CHP Genel Başkanı Kemal Kılıçdaroğlu, partisinin TBMM Grup Toplantısı’nda yaptığı konuşmada, İzmir’de Torbalı Belediye Başkanı İsmail Uygur’un hayatını kaybettiğini anımsattı.
Uygur’un genç, enerji dolu,Torbalı’ya çok şey verme iddiasında olan bir arkadaşları olduğunu anımsatan Kılıçdaroğlu, “Kendisine Allah’tan rahmet diliyorum. Ailesine, yakınlarına, dostlarına ve hepimize başsağlığı diliyorum, yeri cennet mekan olsun.” ifadesini kullandı.
Belediye başkanlarının bu süreçte, ellerinden gelen bütün çabaları gösterdiğini belirten Kılıçdaroğlu, şöyle konuştu:
“Bizim belediyelerin olduğu yerde, hiçbir çocuk yatağa aç gitmeyecek. Telefonlarınız 24 saat açık olacak. Kim yardım talebinde bulunuyorsa, gecenin gündüzün hangi saati olursa olsun o aileye gidilecek. Biz CHP olarak hiçbir ayrım yapmadan bu topraklarda yaşayan herkese eşit hizmet göçtüreceğiz. Hani Erdoğan diyordu ya, ‘Süt dağıtacak diyordu bir türlü süt dağıtmadı.’ Oysa aylardır süt dağıtıyorduk. Yardımı nasıl yapacaklar? Sağ elin verdiğini sol el görmeyecek. Halkçılığın, inancımızın temel kuralı budur. Bu kurala bütün belediye başkanlarımız uyuyor.”
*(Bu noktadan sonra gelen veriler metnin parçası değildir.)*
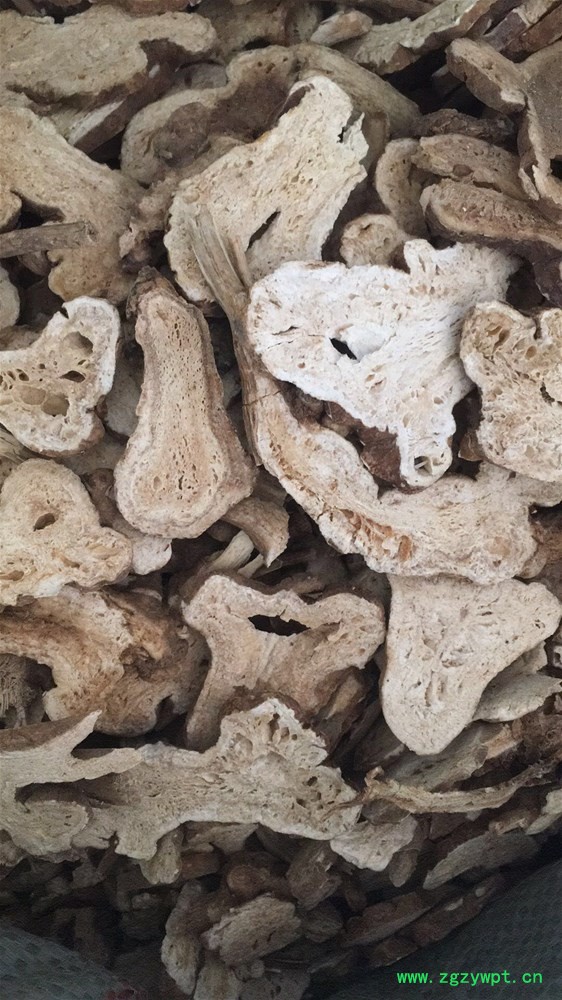 颜色性状:本品为白色片状物,表皮黄褐色,断面白色,上有蜂窝状孔。

Düzenli olarak her hafta bütün belediye başkanlarından yapılan yardımlarla ilgili verileri aldıklarını ifade eden Kılıçdaroğlu, 13-19 Nisan arasında 730 bin 952 haneye ayni yardım, 219 bin haneye de nakdi yardım yapıldığını kaydetti. Kılıçdaroğlu, yapılan yardımların toplam tutarının da 48 milyon 137 bin 685 lira olarak kayıtlara geçtiğini, bunu her hafta kamuoyuyla paylaşacağını bildirdi.
Türkiye’nin zor günlerden geçtiğini söyleyen Kılıçdaroğlu, “Bir salgın dönemindeyiz. Her bir vatandaşımızın canı çok değerlidir. Her vatandaşımızın salgından sağ salim kurtulması için herkesin üzerine düşen görevler var, bunların yapılması gerekiyor. Biz, salgın başladığı tarihten bu yana olayı sıcak, politik malzeme konusu yapmadık, yapmamaya da özen gösterdik. Hataları varsa, yanlışlar varsa söyledik, nelerin yapılması gerektiğini de ifade ettik.” dedi.
Kılıçdaroğlu, kibirle, “Ben her şeyin üstündeyim.” anlayışıyla devletin yönetilemeyeceğini, devleti yönetenlerin mütevazı ve topluma örnek olması gerektiğini söyledi.
Kılıçdaroğlu, Türkiye’nin Kovid-19 salgın grafiğini göstererek, mart ve nisan aylarında vakaların en yüksek noktaya ulaştığını belirtti.
Bilim Kurulu’nun hükümete ne önerdiğinin bilinmediğini ileri süren Kılıçdaroğlu, “Öyle bir noktaya geldik ki Sağlık Bakanı ’84 milyon sorumludur bundan, biz yaptık.’ diyor. Bunlar devleti yönetmiyorlar.” ifadelerini kullandı.
Kemal Kılıçdaroğlu, salgın nedeniyle Türkiye’ye turist gelmediğini dile getirerek, “Bu kadar yoğun virüsün dolaştığı bir coğrafyaya turistler niye gelsin? Oysa turizm bizim için çok ama çok önemli. Bacasız sanayi diyoruz, hava kirliliği yok. Gayet güzel bir atmosferimiz var. İnsanlar gelip, huzur içinde gelip Türkiye’de dinlenmek istiyor ama hükümet izin vermiyor.” dedi. Turizmin cari açığı kapatmada etkili olduğunu vurgulayan Kılıçdaroğlu, bu sektörün, 54 farklı alana katkı sağladığına dikkati çekti.